Rather, it is the opposite. The most flamboyant instance of security failure in our recent past was the 9/11 attack. It isn’t a case here that we were unprepared because security agencies had no instruments to warn them that an attack was being mounted, the presumption that drove the passage of the Patriot Act. We have abundant evidence that this is not at all the case. We know, for instance, that the CIA knew that two of the hijackers were in the US, they knew that they were connected with the attack on the USS Cole, and they failed – they intentionally failed – to inform the FBI. A Snowden, in 2001, leaking to the press what we now know about the behavior of all the agencies that “secure” us would have prevented 9/11. The news reports that have described the failures of the ‘security’ agencies have made it seem that it was a failure of the security agencies, or individuals in them, alone. It wasn’t – the attitude in the major media that preceded the attack, as for instance the dismissal of Gary Webb’s story and the refusal to publish the CIA inspector’s report that, in essence, showed that Webb was right (something that the LA Times didn’t print a story upon until six months after it was out), made clear that the press was in bed with the intelligence establishment.
Liberty, in other words, is not the alternative to security in the US, but its pre-requisite.
Imagine for the moment that my scenario had happened, and some leaker had given both the name of the CIA agent in San Diego keeping tabs on the two members of Al qaeda and the names of those members.  I can easily envision the response of both the agencies and the poobahs in the press: this leak, they would say, endangers many secret operations and countless American lives.  And that is how it would look to them, as 9/11 would not have happened and we would have no tally of casualties to put on the side of liberty rather than bogus security.

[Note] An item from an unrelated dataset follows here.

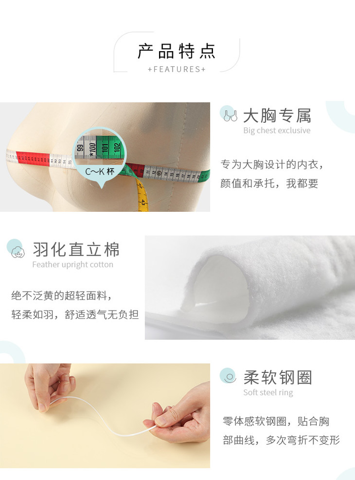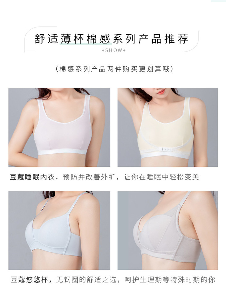 【秒杀89/件,139/2件】奶糖派大罩杯棉感薄款透气侧收上托豆蔻大胸专属少女内衣【非质量问题不退不换】

The force of negation of the establishment is astoundingly powerful. Those who try to criticize it, to pierce its categories, to show its fundamental ignorance, are fated to be either ignored or attacked.  And since such critics must have something in them, some kink, some deprivation, that allows them to see outside   the range of perception of the establishment, the attacks will mostly succeed, as the vulnerabilities that are seized upon displace the larger and graver crimes of state.